Back to Engineering Insights
Cloud Optimization
Feb 27, 2026
By LeanOps Team

AWS Sprawl Is Silently Eating 30-40% of Your Cloud Budget: Here's How to Stop It

AWS Sprawl Is Silently Eating 30-40% of Your Cloud Budget: Here's How to Stop It

Let me describe a pattern I have seen at nearly every SaaS and AI startup that has been on AWS for more than 18 months.

You started lean. A few EC2 instances, one RDS database, an S3 bucket or two. Your AWS bill was predictable and proportional to what you were building. Then you grew. New features needed new services. The team expanded. Developers spun up environments for testing, experimentation, demos. Someone launched a GPU instance for an ML experiment. Someone else provisioned a NAT Gateway for a VPC that was supposed to be temporary.

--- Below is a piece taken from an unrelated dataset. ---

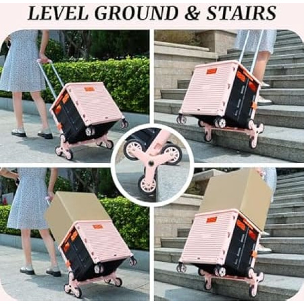 Upgraded Stair Climber Design Considering the optimal maneuverability, this folding utility cart has 10 wheels, 2 360° rotating front silent wheels with brake and 2 rear triple climbing wheels, effectively helps climb up and down stairs, makes every movement easy no matter where you are, and with the brake on the rear wheels, you can easily stop it in a stable state when you There is a practical for various Applications. High Quality Material, Safe and Reliable This folding handcart is made of high quality sturdy eco-friendly polypropylene housing with rustproof aluminum alloy handle (stronger and lighter) and wear and pressure resistant rubber wheels, easy to roll on any road, ensure durability, provide ultimate protection for your valuable contents when you bring them to your destination, such as studio, workshop, classroom, etc. FOLDABLE DESIGN EASY TO STORE This compact rolling box can be easily folded with dimensions 17.3 x 15.7 x 3.15 inches, only a few centimeters thick after folding, saving more space and light weight (4 kg), easy to carry by hand for the actual needs. You can store it in any corner, garage, closet, trunk or under bed when folded. and unfold it for use whenever you need, very convenient. BEAUTIFUL AND FUNCTIONAL DESIGN This heavy duty handcart case has a maximum capacity of 50kg. The telescopic handle with 3 adjustable heights and removable lid allow you to carry different kinds of items such as books, files, classrooms, food laundry or personal items for travel, shopping, camping or moving etc. Perfect gift for your family members friends on different occasions. Easy to Use This fashionable hand truck can be easily assembled by simply unfolding it. The side sliding knob can fix it as a box, with lid, you can load more items on the box or use it as a seat or step stool, or you can remove the lid, hang it on the front to load long items, very versatile. Product under one or more claims licensed US Patent No. 11,565,735 and 11,338,835 Note: If you have any questions, please feel free to contact us. › See more product details; Product description Why choose this foldable, durable utility cart? 1 handy tool for carrying items on the go. The fashionable appearance lets you use it on any occasion without going out of style. 2 Unique 10 Wheel Design - 2 front double wheels with 360° rotating silent brake and 2 rear triple climbing wheels, easy to push or pull or change direction. 3 telescopic aluminium alloy handles allow comfortable use for people of different heights. 4. With lid, it can be used as a seat or step stool if required. Remember to press the brake button on the front wheels to prevent the cart from slipping. 5. Perfect 10 wheel rolling cart for teachers or students to carry books, files or as a storage bin. Product details: Material: PP housing, aluminum alloy handle, rubber wheels Folding box dimensions: 40 x 38 x 8.5 cm. · Unfolded box dimensions: 40 x 38 x 36 cm. 3 adjustable handle height: 51cm, 78cm, 105cm. Climbing wheels and rotating wheels (2 front wheels have brake button). Wheel diameter: 5.5 cm. Package includes: 1 x Folding Utility Cart Note: 1. Before using it, please assemble the wheels first, insert the wheel correctly into the hole of the bottom of the trolley, you will hear a click sound when finished, remember to install the wheels with brake button as front wheels. 2. When unfolding, please remove the lid from the front, loosen the side mounting buckles to unfold the suitcase, put the bottom plate off and slide the side sliding lock into the middle to turn the cart into a sturdy box shape. 3. Please don't forget to put the base plate back in and slide the side slide lock to its original place when you need to fold it. 4. Please do not carry overweight items to ensure long use.; Product description Why choose this foldable, durable utility cart? 1 handy tool for carrying items on the go. The fashionable appearance lets you use it on any occasion without going out of style. 2 Unique 10 Wheel Design - 2 front double wheels with 360° rotating silent brake and 2 rear triple climbing wheels, easy to push or pull or change direction. 3 telescopic aluminium alloy handles allow comfortable use for people of different heights. 4. With lid, it can be used as a seat or step stool if required. Remember to press the brake button on the front wheels to prevent the cart from slipping. 5. Perfect 10 wheel rolling cart for teachers or students to carry books, files or as a storage bin. Product details: Material: PP housing, aluminum alloy handle, rubber wheels Folding box dimensions: 40 x 38 x 8.5 cm. · Unfolded box dimensions: 40 x 38 x 36 cm. 3 adjustable handle height: 51cm, 78cm, 105cm. Climbing wheels and rotating wheels (2 front wheels have brake button). Wheel diameter: 5.5 cm. Package includes: 1 x Folding Utility Cart Note: 1. Before using it, please assemble the wheels first, insert the wheel correctly into the hole of the bottom of the trolley, you will hear a click sound when finished, remember to install the wheels with brake button as front wheels. 2. When unfolding, please remove the lid from the front, loosen the side mounting buckles to unfold the suitcase, put the bottom plate off and slide the side sliding lock into the middle to turn the cart into a sturdy box shape. 3. Please don't forget to put the base plate back in and slide the side slide lock to its original place when you need to fold it. 4. Please do not carry overweight items to ensure long use.; Why choose this foldable, durable utility cart? 1 handy tool for carrying items on the go. The fashionable appearance lets you use it on any occasion without going out of style. 2 Unique 10 Wheel Design - 2 front double wheels with 360° rotating silent brake and 2 rear triple climbing wheels, easy to push or pull or change direction. 3 telescopic aluminium alloy handles allow comfortable use for people of different heights. 4. With lid, it can be used as a seat or step stool i
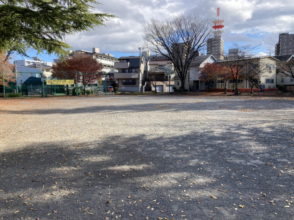 この木の奥はグラウンドになっていて、野球やサッカーなど、さまざまな運動ができそうな広さがあります。

Fast forward to today. Your AWS account has hundreds of resources you cannot fully account for. Your bill is growing 15 to 25 percent quarter over quarter, but your traffic and revenue are not growing at the same rate. You have a vague sense that there is waste in there, but you do not know where it is, how much it is, or how to find it without spending a week inside Cost Explorer.

This is AWS sprawl. And if your experience matches what I just described, you are probably overspending by 30 to 40 percent right now.

This post is going to teach you how to find every dollar of sprawl in your AWS account, understand why it accumulated in the first place, and eliminate it with systems that prevent it from coming back.


What AWS Sprawl Actually Looks Like on a Bill

Before we talk about solutions, let me show you what sprawl looks like when you actually dissect an AWS invoice line by line. Most teams look at the top-level total and maybe the service-level breakdown. That is not enough to see sprawl. You need to go one level deeper.

Here are the seven sprawl patterns that account for the majority of AWS overspending. I am going to get specific about each one because generic advice like "right-size your instances" does not help if you do not know what to look for.

Pattern 1: The Forgotten Compute Fleet

Every growing engineering team accumulates EC2 instances that nobody owns. They were created for a sprint that ended, a load test that finished, a proof of concept that was abandoned, a staging environment that was supposed to be temporary. They are still running. They are still billing.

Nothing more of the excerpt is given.